I'm only directly attacking your direct question, "what sort of catalysts might be used, and what are the performance / lifetime issues with them?" because the rest is ill-defined. I'll mention some electrochemical conversion aspects. I hope to illustrate why your question is problematic.
There are several different products one could imagine reducing carbon dioxide to:
- carbon monoxide
- formic acid
Each will require different materials and conditions, but they all require energy for this to occur. Not to mention, these are all difficult reactions. Thermodynamically speaking carbon dioxide is at the bottom of this energy well and to get out of it requires spending energy.

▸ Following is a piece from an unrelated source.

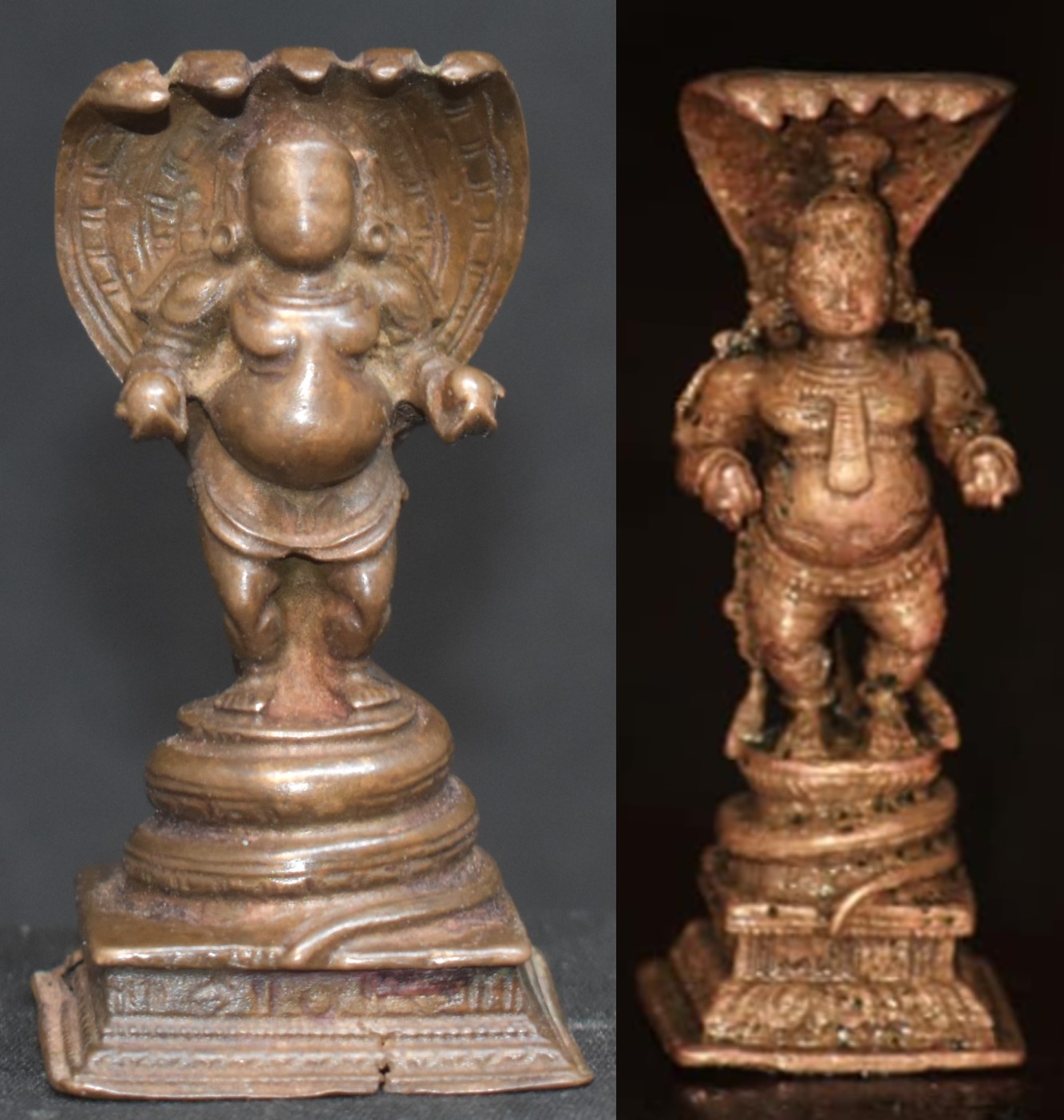 Below is a comparison with a Vigraha in worship (our right) in Kukke Subramanya Matha.

One approach involves directly electrolyzing on a metal. Cu in aqueous solutions can give methane as a major product, but it also evolves hydrogen and many of the others I listed above. There are a couple of problems with this but the major problem is that it often requires large overpotentials at rates of interest for industrial purposes and this means more cost in terms of electrical input. Another major problem surrounding nearly all of these studies is the selectivity of a catalyst: in water at pH 7 evolving dihydrogen is thermodynamically more favorable than reducing carbon dioxide to everything except methane and methanol. Unfortunately these two are the most complex, as far as chemical transformations are concerned, to make. So the other products are much more likely to be produced along the way. This is why people have focused on making simpler things such as carbon monoxide or formic acid.

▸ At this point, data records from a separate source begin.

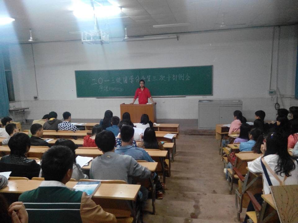 2014年4月13号晚7点,太阳集团tyc1512013级团学分会在2教104举行第三次干部例会。与会人员为船山学院2013级团学分会干部。会议首先由2013级团学分会主席赵朝发言,赵朝就例会效率、工作责任心、学习三个方面提出一些要求和建议,强调了例会的出勤率,并要求大家提高工作热情,而不忘重视学习,处理好工作和学习的关系。最后,赵朝介绍了两名新进主席团成员——朱楚峰和廖健。讲话结束后,由廖健和朱楚峰来发表他们的就职感言。廖健主要就办公室的职责指出一些工作要点,他承诺会带领办公室走得更好,同时强调了各干部对办公室工作人员需注意态度问题;另外指出一些关于申请活动的细节内容,并安排了部分成员到其他部门进行交流与合作。朱楚峰与大家交流了一下社团部的工作发展。在这之后,书记曾令竹就最近的评优评先活动强调了学习的重要性,另外针对各部门的工作作风与态度提出了几点要求。最后由副主席彭浩就“雁城说雁”和“趣味运动会”这两个活动安排了一下工作。 台上积极发言,台下认真记录,会场一片安静,氛围甚是融洽。会后各部门积极提出意见,相互交流,会议热情高涨。 该次例会体现出主席团对各部门的积极领导,增进了各部门之间的交流,让各部门的工作得到了总结和升华,有利于船山学院2013级团学分会更好地发展。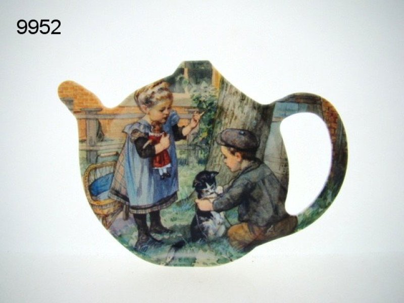Schattig theetipje van 13 x 10 x 2 cm met de tekening van Ot en Sien en hun nieuwsgierige poes. De poes lis het niet helemaal eens met de behandeling door Ot, waardoor het plaatje een speels en aandoenlijk karakter krijgt. Perfect voor het opbergen van je favoriete theezakjes of als klein decoratief accent in de keuken.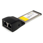 This EC2000S 2-port Gigabit ExpressCard Ethernet Adaptor from StarTech.com adds 2 10/100/1000Mbps Ethernet ports to an ExpressCard-enabled laptop, or small form factor system, enabling you to connect to two separate physical networks simultaneously with dedicated bandwidth, or providing full dedicated bandwidth to virtual machines.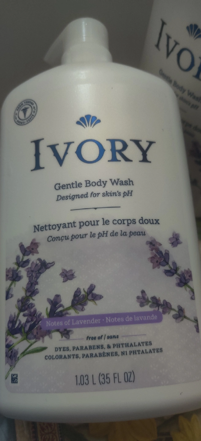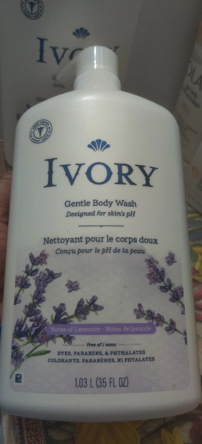 1000+Ivory Gentle Body Wash designed for skin's pH. It's free of dyes, parabens, and phthalates! This body wash has notes of lavender and comes in a 1.03 L (35 FL OZ) bottle x2

Where does this energy come from? Right now coal. So we would end up creating more carbon dioxide than we reduced to other species. It reminds me of how diesel-electric transmission works in freight trains: a dirty engine turns an electric generator that generates electricity that is used on motors instead of the motor directly driving the wheels; I think we can call this diesel-electric transmission an indirect drive whereas the latter is a direct drive. It turns out that making the former is far easier in engineering rather than the latter. The same is true here. It's easier to generate electricity somewhere else then reduce CO2 rather than have energy directly fed to reduce carbon dioxide. You can get efficiencies better by going the latter, but engineering/technical complexities increase immensely.

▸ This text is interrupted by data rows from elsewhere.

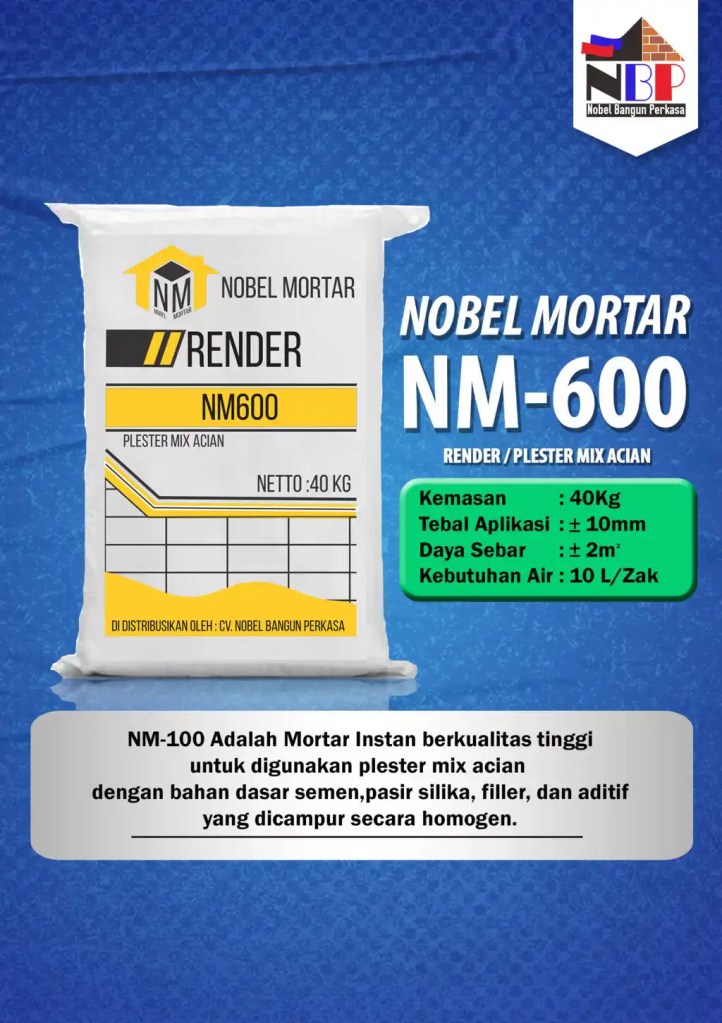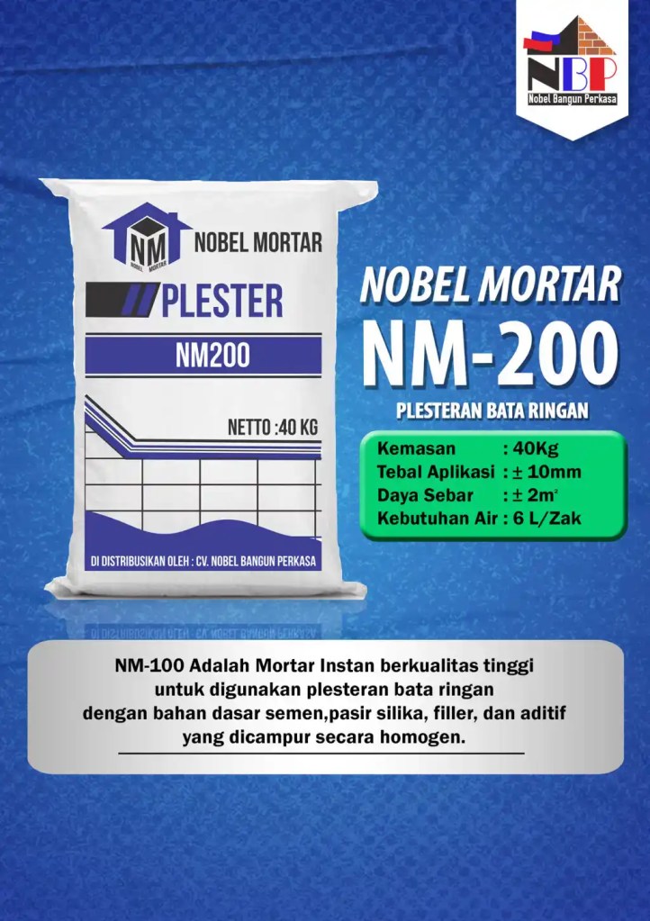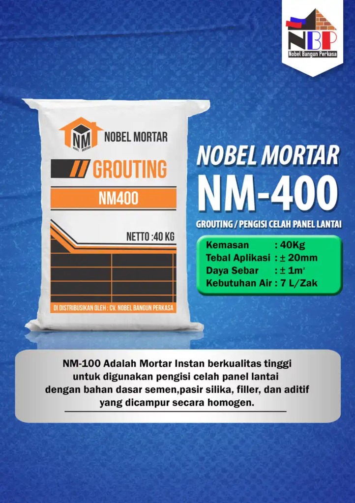 Nobel Mortar merupakan merk semen mortar yang didistribusikan oleh PT. Nobel Bangun Perkasa.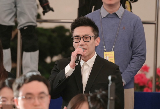 3月7日,全国政协十四届四次会议第二场“委员通道”集体采访活动在北京人民大会堂举行。图为本报记者提问。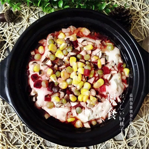 内酯豆腐一盒半、香菇三朵、甜菜根一块、玉米粒适量、青豌豆、香油、盐适量
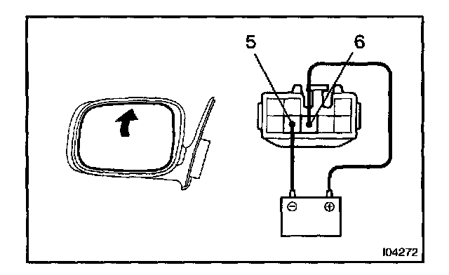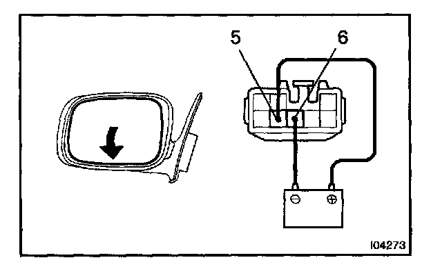 c. Connect the positive (+) lead from the battery to terminal 6 and the negative (-) lead to terminal 5, and check that the mirror turns upward.

As a means to address this electrical burden via the direct-drive analogy, people have looked at these artificial photosynthesis approaches, i.e. using light to drive these reactions or at least help ease the energy burden. This requires photocatalysts and often with these come semiconductors. Some semiconductors are naturally good at reducing carbon dioxide, such as CdTe, but this better performance for generating methanol is in turn related to an actual corrosion process of the semiconductor. Semiconductors are very complicated and expensive to manufacture well. They tend to corrode easily when they work well with sunlight. They require catalysts and this introduces huge compatibility issues and manufacturing complexities. We'll just leave the indirect approach at the state the field is, complicated and incomplete.
As for the direct approach:
it's complicated by the fact that carbon dioxide is fundamentally limited in solubility at room temperature. Hence why other people prefer non-water systems. These unfortunately add other complexities...
Actually while typing this I came to the conclusion that I could write a much more succinct response to you rather than continuing to babble on: The best candidate will involve a transition metal, there is no doubt about that. It may end up being a molecular species, but there are so many possible structures that it is hard to say if we won't find a simpler heterogenous catalyst that is more capable first. By Murphy's law, it will be the most expensive material imaginable. But right now, considering everything, you can always look at all extensive work that has been done on copper, but realize it isn't very efficient or selective.